Early Sorrows: For Children and Sensitive Readers
- Author: Danilo Kiš
- Original title: Rani jadi:za decu i osetljive
- Translator: Michael Henry Heim
- Language: Serbo-Croatian
- Publisher: Nolit (Serbo-Croatian) New Directions (English)
- Publication date: 1970
- Publication place: Serbia
- Published in English: 1998
- Pages: 118 (English 1st edition)
- Followed by: Garden, Ashes

= Early Sorrows =

1970 book by Danilo Kiš

Early Sorrows: For Children and Sensitive Readers (Rani jadi: Za decu i osetljive; Рани јади: За децу и осетљиве) is a collection of nineteen short stories by Yugoslav author Danilo Kiš.
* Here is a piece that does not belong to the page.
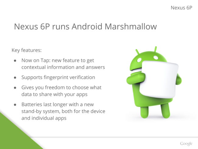 We don’t have information on Huawei Nexus 6P camera, but the slides only tell that Camera will be much better for low light photoshoot. It will be available in four colors; Aluminum, Graphite, Frost and Gold, but Gold color is only for Japan.

The book is part of what Kiš called his "family cycle" trilogy, consisting of the novels Garden, Ashes (1965), and Hourglass (1972). Though Early Sorrows was published after Garden, Ashes, it is effectively the first novel in the trilogy.

==Summary==
Early Sorrows is composed of vignettes about Andy Sam, a young Serbian boy who works as a cowherd to bring in money for his family. Andy spends most of the day reading.

==Themes==
Like much of Kiš's work, Early Sorrows deals with the Holocaust. Andy's father, like Kiš's own father, is sent to Auschwitz. Notably, it is the only work of Kiš's in which he depicts a scene inside a concentration camp (Andy hallucinates about his relatives who were taken away by Nazis).